Categories such as 'African American', 'people of Asian descent' and 'Ashkenazi Jew' can be important in medical research because they are a social representation of certain aspects of genetic variation. This is why race is a 'Poor man’s clue' in medicine: not because races are natural divisions of humankind but because investigating socially defined populations provides a practical means for geneticists of dividing humans into groups that show different degrees of biological relatedness.
In order to study human genetic diversity, scientists ironically need socially defined categories of difference. The danger is that by using socially defined groups for medical or other scientific research, biologists will endow differences between such groups with greater importance than is warranted. A contingent, pragmatic division of the world into populations useful for medical research can all too easily turn into the argument that science has 'demonstrated' the reality of race.
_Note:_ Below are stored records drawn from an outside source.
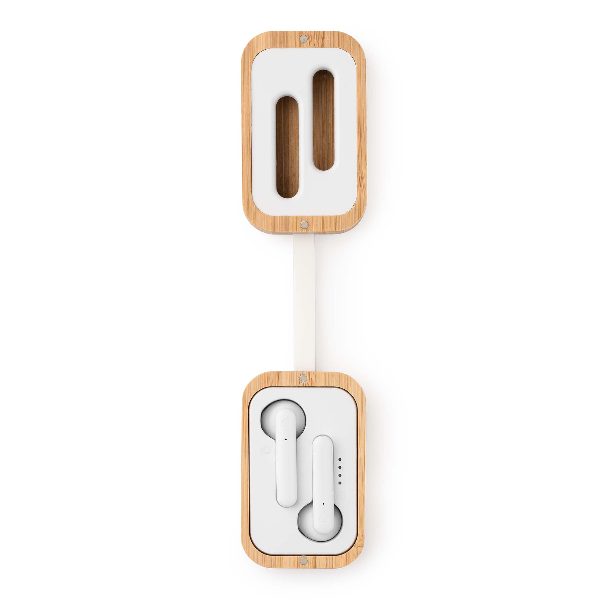 Auriculares inalámbricos con estuche elaborado en bambú. Con conexión Bluetooth y función de manos libres. El control de manos libres se puede realizar mediante botón táctil integrado en cada auricular. Cuenta con función de reproducción de audio con control de pistas y volumen.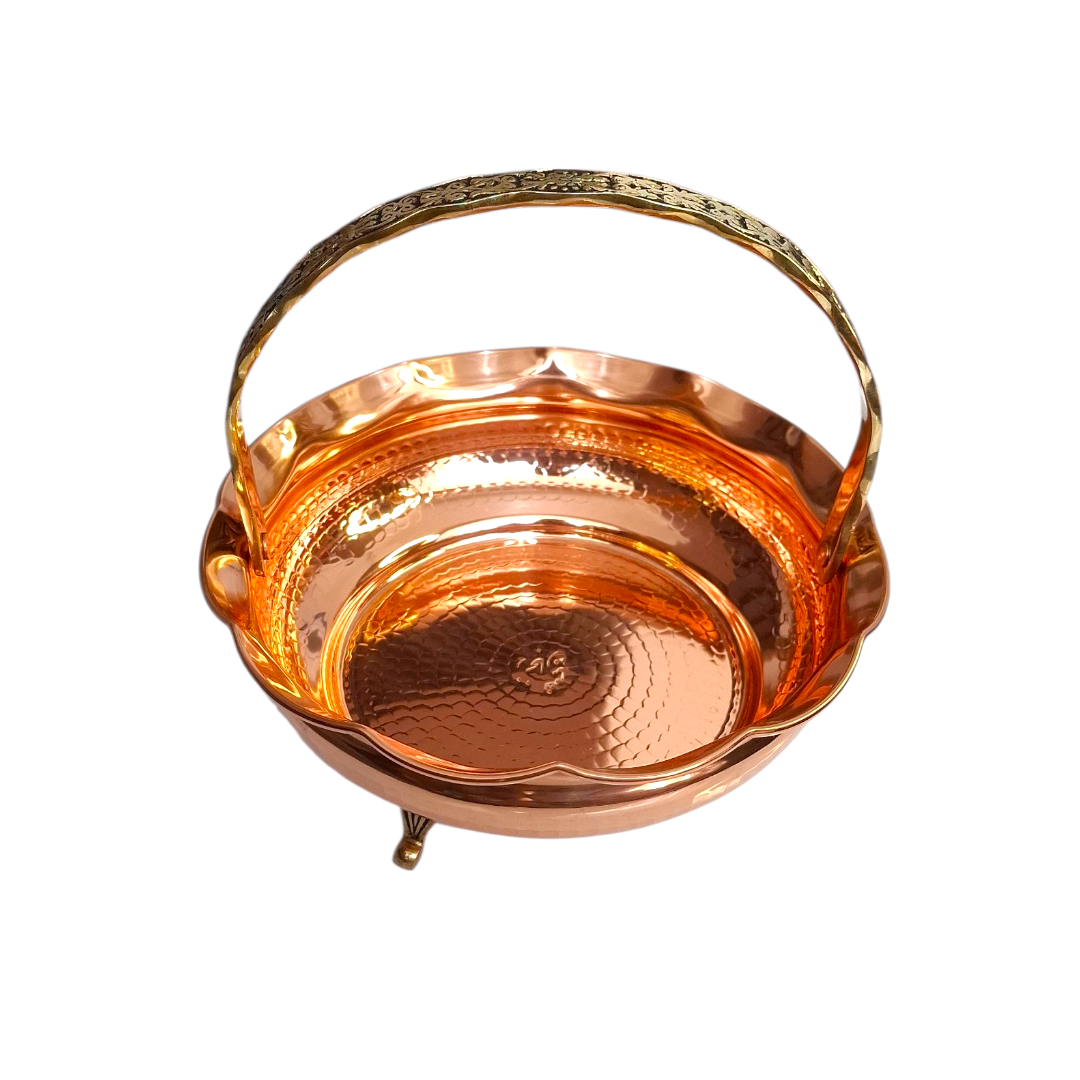 سبدی از جنس مس با سه پایهی ظریف و چکشکاری دستی، مناسب برای سرو نان، میوه یا تزیین فضای پذیرایی. این اثر که با هنر مسگران زنجانی ساخته شده، ترکیبی از زیبایی و کاربردی را ارائه میدهد.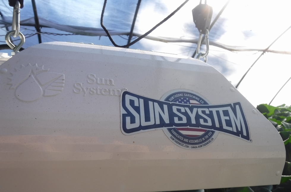 LED lights need to be kept close to the plant to have high PAR (intensity) values and this can cause a shading effect when they are off and the sun is out. Also, the reduced heat they produce is a drawback this time of year as heat is something that is being added anyway so to have it as part of the light, as is the case with the CMH light is an added benefit.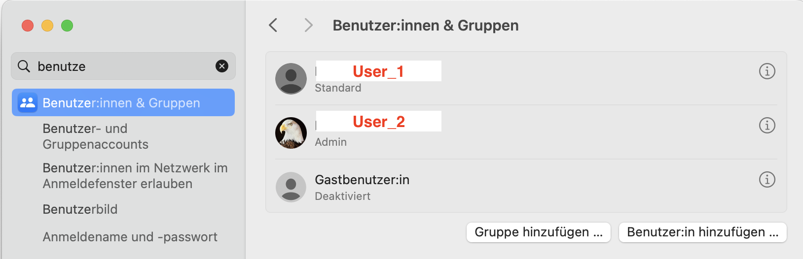 Ich danke für Deine Antwort. Bei mir ist nur ein Standard-Benutzer mit meinem Eigennamen und mit dem Zusatz "Apple Account" und ein deaktivierter Gastbenutzer vorhanden. Ich glaube, dass bei dem Software-Update auf meinem iMac 27 (2019) die Benutzer neu gruppiert wurden. Ich kann nur leider keinen Admin anlegen, weil für diese Änderung der Name des Admin und das Passwort eingegeben werden müssen und dabei mein Name als Standard-Benutzer mit dem Passwort, mit dem ich mich regelmäßig bei meinem iMac anmelde, stets abgelehnt werden. Wenn ich es mit den Zugangsdaten zu meinem Apple Account versuche, werden diese Namen- und Passworteingaben zwangsläufig auch nicht akzeptiert. - Ich habe bisher nur einmal bei der Inbetriebnahme meines iMac alles konfiguriert und stehe jetzt vor dem Problem dieser Änderung bei den Benutzern ohne Admin. Leider weiß ich noch immer nicht, wie ich das Problem lösen kann.
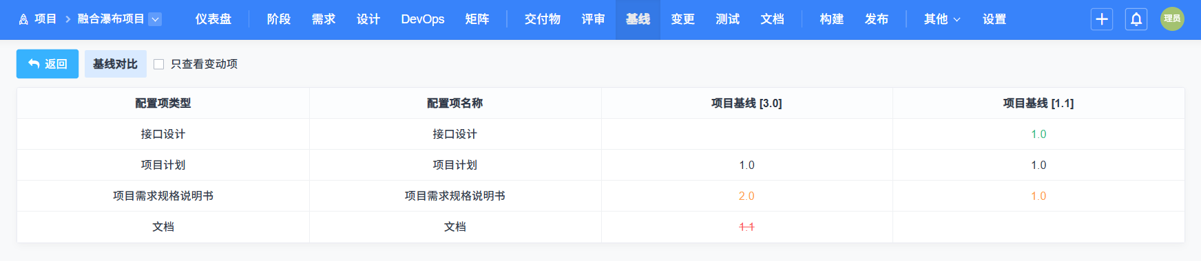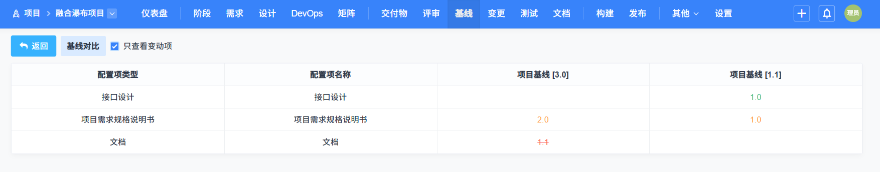 橙色代表两个基线下都有这个交付物,但是交付物版本不同。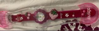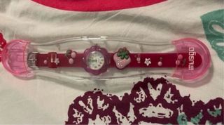 Reloj infantil con un diseño encantador, ideal para las más pequeñas. Viene nuevo y precintado, listo para regalar. - Correa de color rosa con adornos de fresas y cerezas. - Esfera con un diseño floral. - Cierre de hebilla ajustable.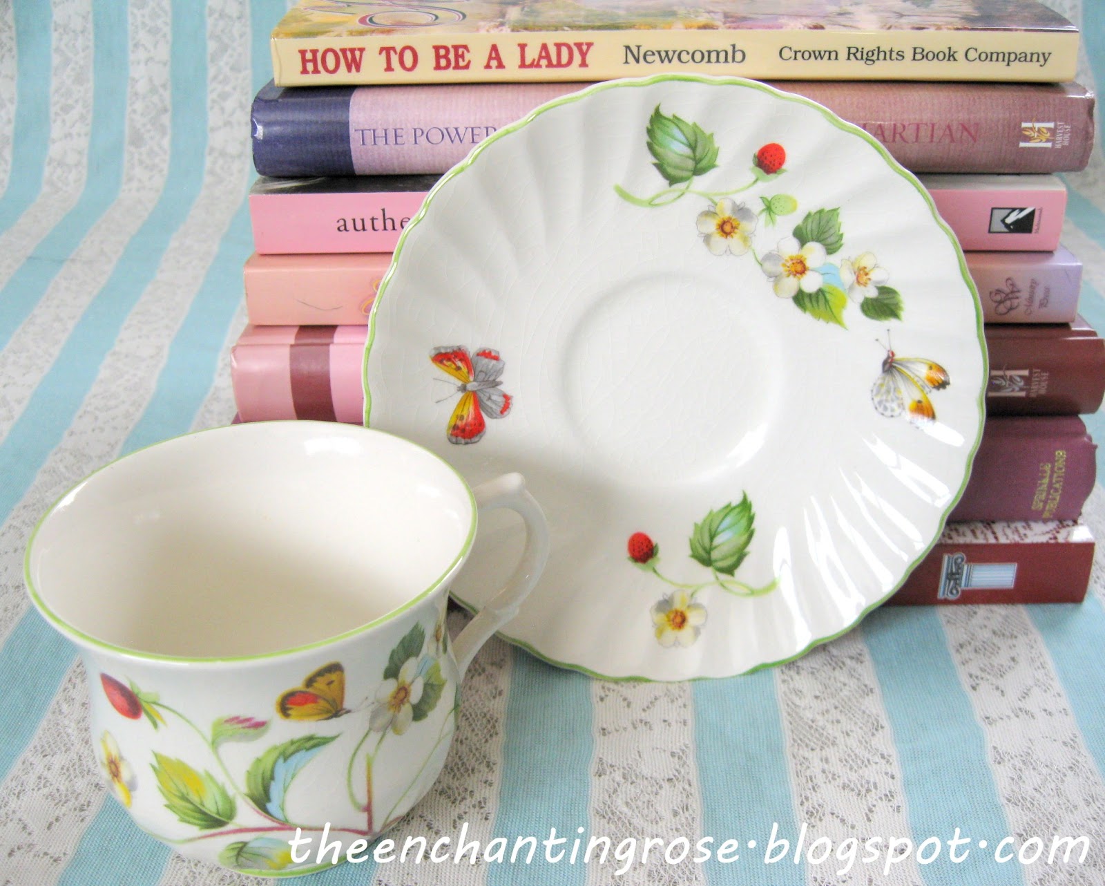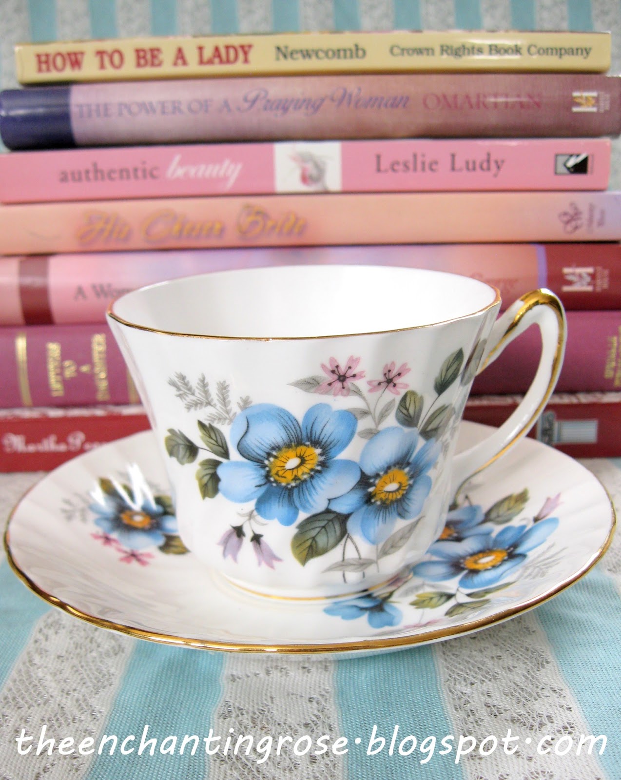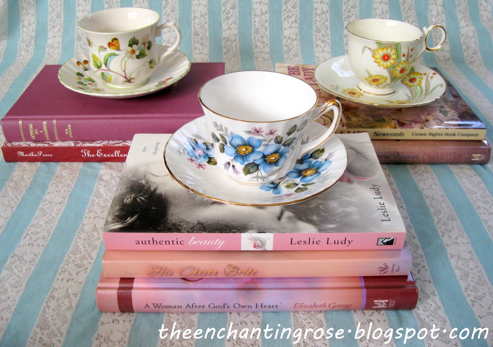 All so very dainty and beautiful! I must come for tea. So many memories as I see your beautiful stack of books.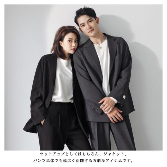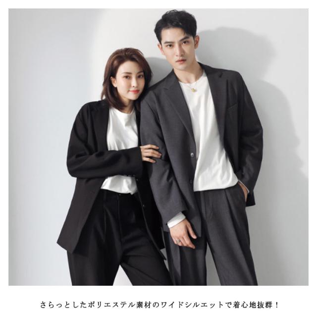 | 上品な大人カジュアルコーデにぴったりのセットアップスーツです。 さらっとしたポリエステル素材のワイドシルエットで着心地抜群! ジャケットはゆったりとしたトレンドのビッグシルエットで羽織るだけで旬なスタイルが完成。 パンツはジャケットのシルエットに合わせて、腰周りはタックを入れることでゆとりを持たせたリラックススタイル。 セットアップとしてはもちろん、ジャケット、パンツ単体でも幅広く活躍する万能なアイテムです。 キレイ目スタイル・カジュアルスタイルなど様々なスタイルに活用できます。 ユニセックスdesignなので夫婦やベアルック揃いに大正解。 | |
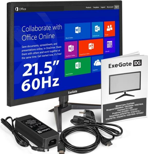 Отзывы на Монитор 21.5 ExeGate EB2200A (VA LED Grade A+, FHD, 1920x1080@75Гц, 16:9, 200cd/m2, 3000:1, 178°/178°, 5ms, D-Sub, HDMI, Flicker-free, Low Blue Light,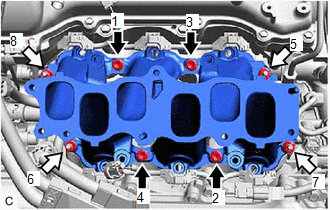 (a) Temporarily install the intake manifold to the cylinder head sub-assembly with the 4 bolts and 4 nuts.

All this points to the care needed in handling racial categories in medicine. But the fact that race is not a real biological entity does not mean that science or medicine should necessarily be colourblind. Population differences are important and can have medical consequences. It makes little sense from a biological point to view to regard these differences as 'racial'. But it also makes little sense to ignore population differences or to ban the use of racial or ethnic categories in such research. Whether or not science and medicine should be colourblind is a pragmatic question, not one rooted in scientific or political principle.